In Cameroon, forest communities complicit in timber traffickers

The truck is parked at the edge of a winding track in Nkollo, a village located in the South Region, Cameroon. Coming and going along the stretch, Bagyeli (the inhabitants of the forests, commonly called Pygmies, a term they consider derogatory) go about their business. The vehicle, filled with sawn wood, has been parked there for several days. “He carries bibolo [un bois tropical]. He’s got a breakdown.” explains Mathias Kouma, a 34-year-old Bagyeli leader.

Without a license plate, the truck does not belong to any legal company recognized by the Ministry of Forests. Its owner is a “waraper”, one of those illegally exploited timber transporters that abound in the forest areas of Cameroon. The logs, once bleached, will be sold on the local market or delivered to Asian companies before export. According to Global Forest Watch, from 2001 to 2021, the southern region lost nearly 7% of its vegetation cover, or 326,000 hectares.

To collect this wood, the owner of the truck paid money to the villagers, says Mathias Kouma, without specifying the amount. Depending on the species and the quantity of logs cut, the bribes can range from 25,000 to more than 250,000 CFA francs (i.e. 381 euros). Sums intended to buy the silence or the complicity of the inhabitants and which are generally given to the town via the development committee or local organizations representing the villagers.
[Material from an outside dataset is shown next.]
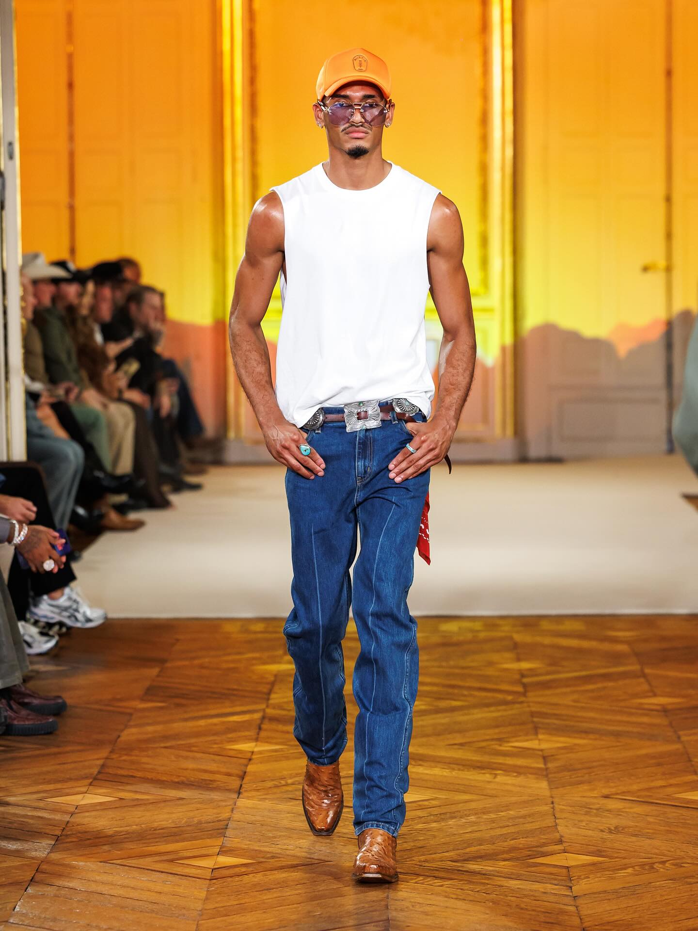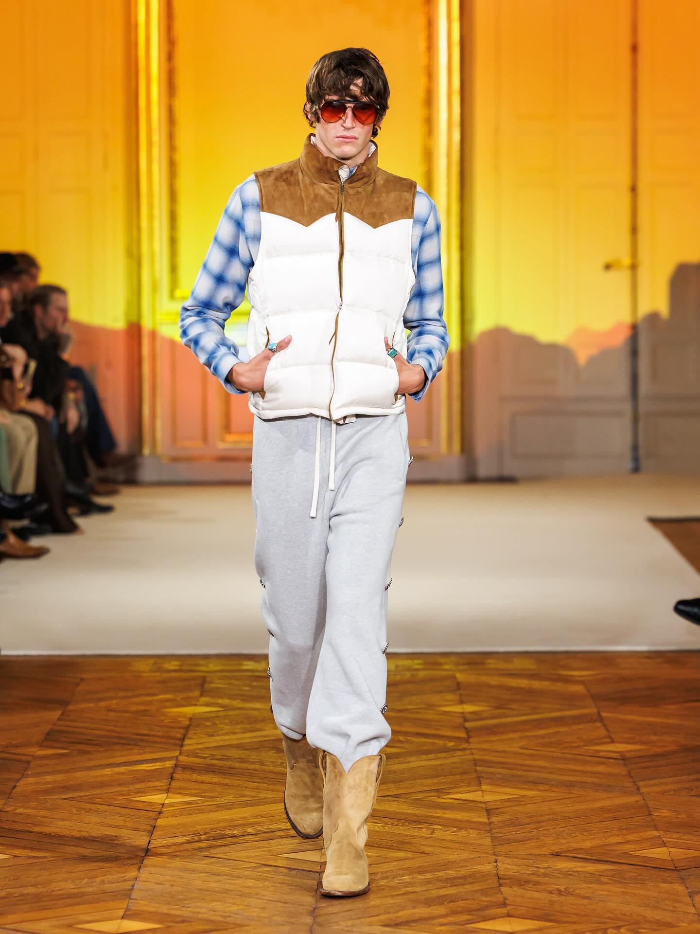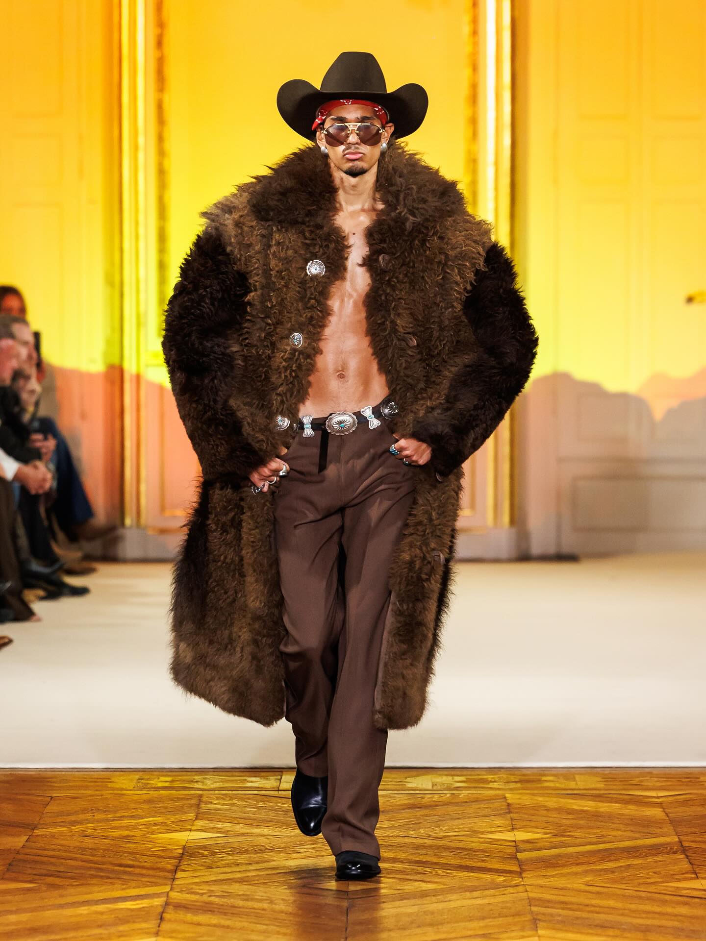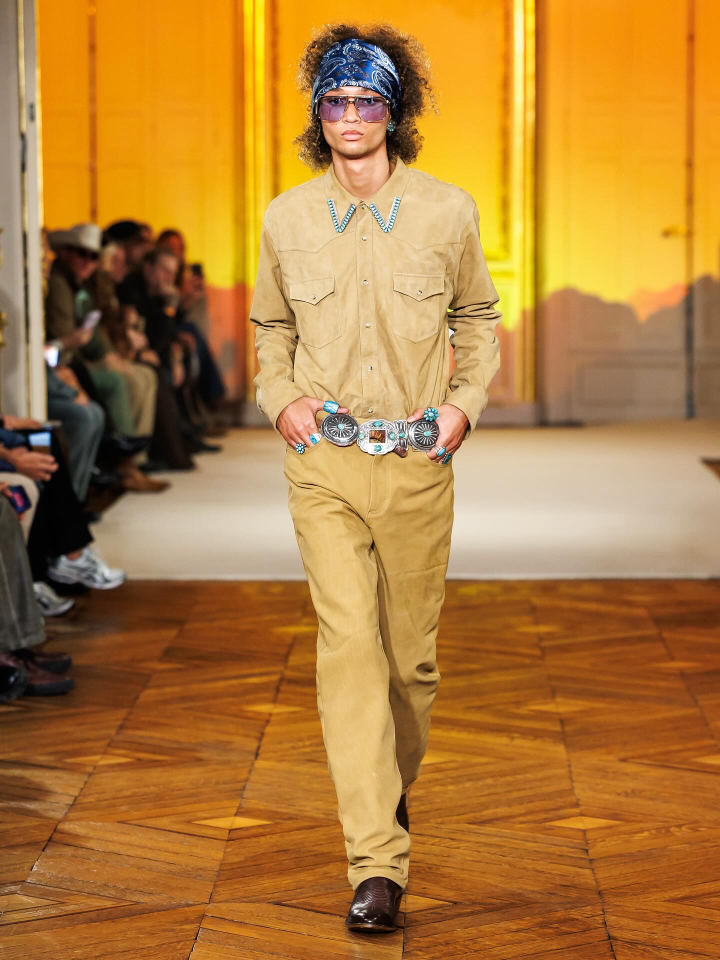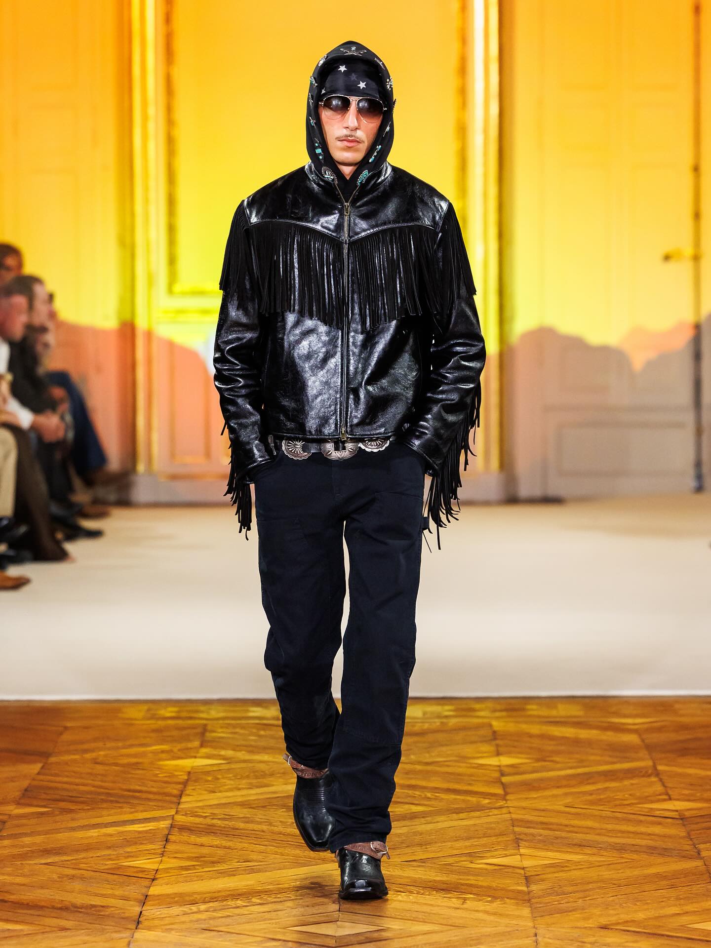在今年的 4 月 6 日,Post Malone(本名 Austin Post) 被拍摄到在巴黎出现,着手于同名新品牌 Austin Post 的工作,并确认会在巴黎举办秀场。如今,品牌的首个系列「At First Light」正式发布。该系列灵感来自 Post Malone 在德克萨斯州长大的回忆,受到了牧场文化、绿松石、靴子、牛仔布的启发,诠释着达拉斯西部传统与西南地区的牛仔精神。现场还出现了一位模特直接骑着马登场,成为了本次秀场的高潮瞬间。

episode 1 Article reserved for our subscribers Cameroon: how logging escapes state control

“Only illegal logging brings something to the village. As far as legal exploitation is concerned, we see nothing,” recognizes, on condition of anonymity, the head of one of the towns of the municipality of Lokoundjé, which brings together around thirty villages populated by Bagyeli and Bantu, including Nkollo. You have to drive four hours on muddy tracks to reach them from the town of Kribi. Since 2018, this seaside town has had an operational deep-water port, which has become the second evacuation point for Cameroonian wood, behind Douala.

Forestry royalty

The Lokoundjé area is known for hosting Forest Management Unit (UFA) 00-003, the first concession officially devoted to industrial timber production in Cameroon. Covering an area of ​​more than 100,000 hectares, it was created in the wake of the 1994 forest law. A single company legally holds the logging titles, but it “she never gives anything to the village, she will tell you: “I pay the forestry fee” “, deplores André Sayom, vice-president of the development committee of Nkollo.